1 - Avoiding excessive reserves: Because of the opportunity costs (other charities could use money productively sooner), it is undesirable to have a charity having excessive reserves. Ideally, they would be promised a steady stream of funding if they meet specific targets over many years in order for them to be able to plan ahead.

2 - Risk diversification: Funds should be distributed to several high impact organisations in order to diversify the risk of one of them not performing well.

3 - Incentivizing others to join the cause area:
   a - Countries: By restricting funding to a particular country, one incentivizes the country to invest in very effective health interventions themselves and use their (often very limited) domestic resources to close the funding gap between donations and the full cost of delivering effective health interventions. Poorer, low-income countries (such as Ethiopia) are less able to do this than low-to-middle income countries (such as India).
   b - Charities: By restricting funding to charities, they’re being kept on their toes, so that they do not rely on a particular foundation or big grant giver exclusively and apply for other grants. For instance, in the past, the Gates foundation has heavily funded the Schistosomiasis Control Initiative. However, Gates later discontinued SCI’s funding not because of too little effectiveness, but because, since their effectiveness had been established, other funders would more readily fund them.
   c - Other donors: By restricting funding to particular charities, other donors are incentivized to also invest in the effective charities. For instance, the Against Malaria foundation has a broader appeal to small private donors than more high-expected-value interventions. Thus, even though theoretically, the Gates foundation, which is the largest private foundation in the world with an endowment of US$42.9 billion[4], could buy every person in Africa a bednet every two years (population of Africa (1 Billion) * Cost of Bednet (5 Dollars) = 5 Billion dollars) that would rapidly deplete their limited resources and then they could not spend their money on other very effective causes. They might reason that (small) more risk-averse donors (who want to be certain that their money will have an impact) will close the funding gap of very effective and established interventions and that they can instead spend more money on riskier, high expected value areas.
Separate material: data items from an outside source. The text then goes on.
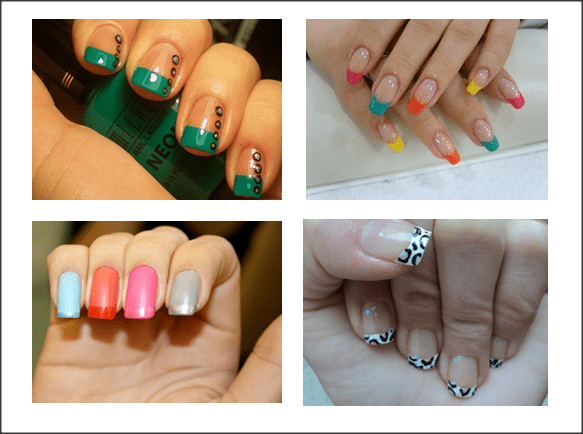 A francesinha também esta de volta, mas não será aquela tradicional, usado com esmalte na cor renda e pontinhas brancas, agora o estilo da vez permite mais, será uma francesinha com cores comuns como: café, vermelho, rosa etc., digamos que seja uma francesinha repaginada.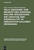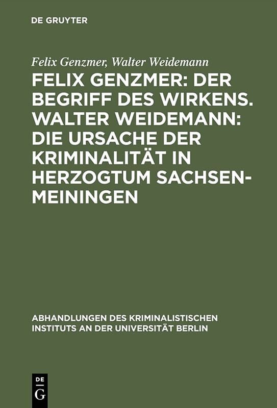 Dieser Titel, "Felix Genzmer: Der Begriff des Wirkens. Walter Weidemann: Die Ursache der Kriminalität in Herzogtum Sachsen-Meiningen", ist eine wissenschaftliche Publikation, erschienen bei De Gruyter Brill. Ausführliche Beschreibung, Inhaltsverzeichnis und we...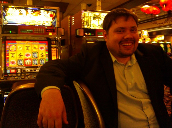 The large mustached man is laughing in front of the slot machines.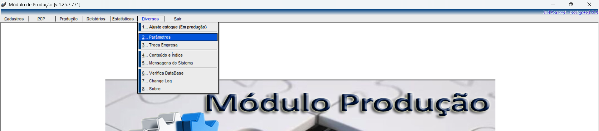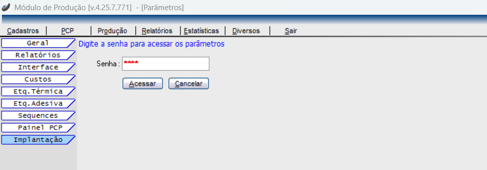 Após acessar os Parâmetros de Modulo de Produção na ficha Implantação habilitar o comando: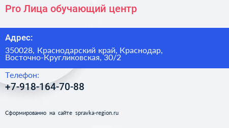 Pro Лица, обучающий центр по адресу 350028, Краснодарский край, Краснодар, Восточно-Кругликовская, 30/2 в дальнейшем Организация, размещена в следующих категориях: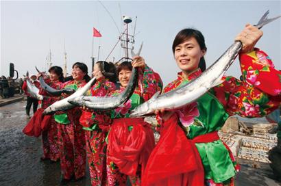 ![]() 鲅魚節(jié)不見“主角”大鲅魚 沙子口鲅魚美食節(jié)昨開幕 昨天上午,第七屆沙子口鲅魚美食節(jié)開幕儀式簡單而熱鬧,5名俊俏的漁嫂手捧鲅魚展示著招牌動作。當天上萬斤春鲅魚集中上市,市民又有好口福了,只不過以前的“看家魚”今年越發(fā)沾上了“貴族氣”,只不過百斤重的大鲅魚已經(jīng)成為一個歷 現(xiàn)象 百斤大鲅魚沒見到 鲅魚作為沙子口特產(chǎn),每年上市數(shù)千噸,占整個青島市場銷量的70%以上,因此沙子口有 “鲅魚之鄉(xiāng)”的美稱。每年的沙子口鲅魚美食節(jié)都是當?shù)氐囊患⑹?,開幕式上漁民都要賽一賽各自收購來的大鲅魚。 昨天清晨,記者來到沙子口漁港鲅魚美食節(jié)開幕式現(xiàn)場,伴隨著喧囂的鑼鼓聲,不少上岸的收魚船甲板上擺滿了收來的大鲅魚,全身藍綠的大鲅魚在陽光的照耀下泛出一片熒光,漁民順手抄起一條鲅魚來,直挺挺的不打彎,一看就很新鮮。碼頭上有不少魚販子正在忙著收魚,成交好了的鲅魚被包裝成禮品盒,拉著盒裝鲅魚的面包車一輛接著一輛離去。 當天清晨的沙子口鲅魚美食節(jié)開幕儀式很簡短,儀式結束后,5名漁嫂各自托起了一條大鲅魚給攝影愛好者拍照留念,更多的市民忙著挑選喜愛的鲅魚。記者走了一圈探訪了一些船老大,了解到當天清晨上岸的上萬斤大鲅魚中,最大的有30斤重,最小的有1斤三兩多,個頭雖然與去年差不多,但是依舊沒有捕撈到百斤重的“鲅魚王”。 “我們本來想找條大鲅魚來展示一下,但是找了好幾年也沒有找到,今年只好放棄了?!鄙匙涌诮值擂k的有關人士告訴記者,鲅魚美食節(jié)開幕前他們想找條百斤重的大鲅魚來當金字招牌,但是找了一圈也沒有找到,這種大鲅魚已經(jīng)好多年沒有見到了,僅有的幾條百斤重的大鲅魚據(jù)說也是四五年前收購來的,現(xiàn)存放在冷庫里,今年的嶗山非遺節(jié)就用過其中的一條,刷上了一些銀粉,只能看不能吃。因為找不到這種新鮮的百斤重鲅魚,最后沙子口街道辦放棄了這個想法。 大魚確實越來越少 “2001年,我在沙子口碼頭上見到過百斤重大鲅魚,當時有很多市民圍觀,那條大鲅魚有兩米多長,可惜后來沒有再見到過?!泵磕晔斋@春鲅魚的時節(jié),嶗山區(qū)居民孫先生都會到沙子口買上幾條孝敬家里老人,昨天他很懷念以前的盛況。 昨天清晨,魯嶗水0611漁船上岸。在船長室里聊起這次出海的收獲后,當漁民30年的船老大王永合告訴記者,這一趟他們到200多海里外的141海區(qū)收鲅魚,收了兩天時間,從20多條漁船中收來這一船上萬斤鲅魚。談到百斤重大鲅魚的話題時,王永合望了望甲板上成筐的鲅魚,又看了船艙外一眼說:“我已經(jīng)有20年沒有收到百斤重的大鲅魚了,其實現(xiàn)在不光是大鲅魚,像前幾年還能遇到過的大老板魚現(xiàn)在也很難見到了?!?/p> 探市 鲅魚進入“40元時代” 王永合的一船春鲅魚因為上岸比較早,賣出了好價錢,4斤以上的大鲅魚賣給了岸上的魚販子是每斤35元。記者在岸上看到,魚販子收了這些春鲅魚后現(xiàn)場轉手對外批發(fā),價格變成了每斤40元。 記者了解到,今年春鲅魚的批發(fā)價格比去年同期漲了10元,提高了三成多,這也是沙子口舉辦鲅魚美食節(jié)7年來的最高價。買一條大鲅魚動輒就在200元以上,每斤的鲅魚價格已經(jīng)從30元時代輕松邁入40元時代。 雖然鲅魚價格躥高了,但是沙子口街道還是拿出上百斤大鲅魚送給嶗山社會福利院的老人,沙子口街道第一老壽星段立深也得到了一份 “鲅魚大禮”,兩條各重達10斤的大鲅魚讓老人高興得露出了僅有的兩顆門牙?!啊阳~跳、丈人笑’,買鲅魚,送岳父岳母和父親母親,表示晚輩的一番孝心?,F(xiàn)在,在青島送鲅魚成了‘孝敬’的代名詞?!鄙匙涌诮值傈h工委書記蘇本江說,最新鮮的春鲅魚先給老人品嘗,這個好風俗不但在沙子口在青島都是一個好傳統(tǒng)。 鲅魚“五一”前不掉價 昨天,青島鑫海裕豐海產(chǎn)品有限公司總經(jīng)理曲知悟特別忙,當天他的收魚船收了上萬斤鲅魚,裝在禮盒里的鲅魚每斤賣出了50元的價格,這些禮盒裝鲅魚已經(jīng)被早早地訂購一空,他忙著指揮工人裝盒搬運。 曲知悟說,沙子口街道有90多條收魚船,現(xiàn)在每條船一天大多能收購2000斤鲅魚,去年最多的時候一條船能收購上萬斤,“今年的產(chǎn)量要比去年減少三成到五成,因為產(chǎn)量少了,價格也就跟著漲價了,鲅魚是時令價,我們從目前的情況看,春鲅魚在五一前不會掉下每斤40元錢?!鼻蚪榻B,預計過了五一之后,隨著鲅魚大量上市后,鲅魚的價格每斤將降到30元。 銷售量同比降低一半 賣了10多年鲅魚的魚販老董告訴記者,有一些單位和個人前來預訂鲅魚,昨天他對外批發(fā)了2000多斤,其中最多的市民一下子掏出了8000元要了200斤鲅魚,“對方說是送禮用的”。 老董說,市民個人購買鲅魚大多在七八斤重,因為今年鲅魚的價格比較高,他當天銷售的鲅魚只有去年的一半多。“說實在的,今年的鲅魚價格有點高,我往外批發(fā)也不能加太多價,今天一天下來大約賺了1000元,去年這個時候一天就能賺3000元。” 捕三天魚賠一萬五 在海上奔波了一個禮拜后,羅萬輝開著240馬力的嶗漁水0615號收魚船昨天中午回到漁港,這次他從120海里外的123海區(qū)只收了3000斤鲅魚回來,這個數(shù)量只有船艙容量的十分之一。這一點讓他都很意外,當然更多的是無奈。 雖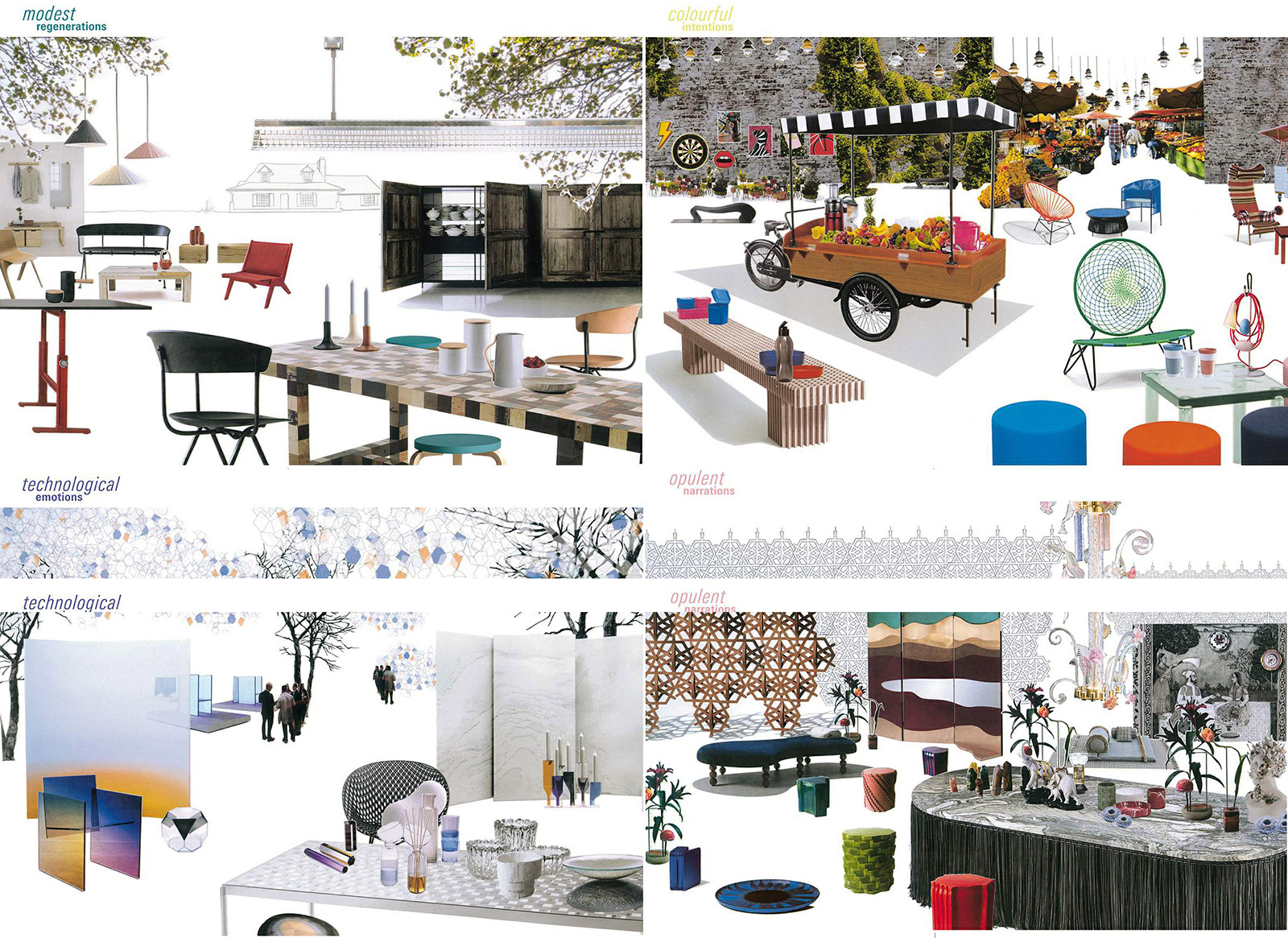 Eine mutige Trendwelt mit einem Hang zur Exzentrik und historischen Zitaten. Orientalisches, kostbare Materialien und Liebe zu prachtvollen Details prägen diesen malerischen Look. Eingesetzt werden kunstvoll verziertes Porzellan, edle Steine, aufwändige Lederarbeiten, Brokate, Stickereien und Relief-Schnitzereien.

4 - Technological Innovation: New technological innovations—such as a very effective malaria vaccine—might be discovered, and these might be more cost-effective.

5 - High risk, high reward project:
For these reasons, one needs to come up with short-term room for more funding estimates.

Crucially, many room-for-more-funding numbers do not include scale-up and seem to be an estimate of how much money the charities can use to fund projects in the short-term (i.e. in the next couple of years). In other words, these estimates do not take into account potential mid-term scale-up of their interventions into other countries or into more projects (see for instance[5],[6]). For instance, Givewell reports that AMF’s room for more funding in the next year is $25 Million, which translates to roughly 5 million bednets. Because AMF has reported to be constricted in terms of funding in the short-term, they had not been actively reaching out to other countries to discuss new net programs in the beginning of 2015[7]. AMF also has more leverage with regards to national malaria control programs agreeing to implement their strict and rigid monitoring and evaluation process, when they agree to give governments millions as opposed to thousands of bednets[8].

Because these room for more funding estimates do not include scale up, the Gates foundation cannot simply close the funding gap for bednets."

I think there are a few different sub-questions here, with different answers.

If your question is, "Why doesn't the Gates Foundation fill the entire funding gap for GiveWell's top charities", I think there are a number of reasons why a value-aligned, careful, thoughtful, rational, and well-funded donor might nonetheless choose not to fill the entire gap. Open Philanthropy has written quite a lot about their thoughts here, and most of that would apply to any other funder. @DavidNash's answer seems directed at this sort of question.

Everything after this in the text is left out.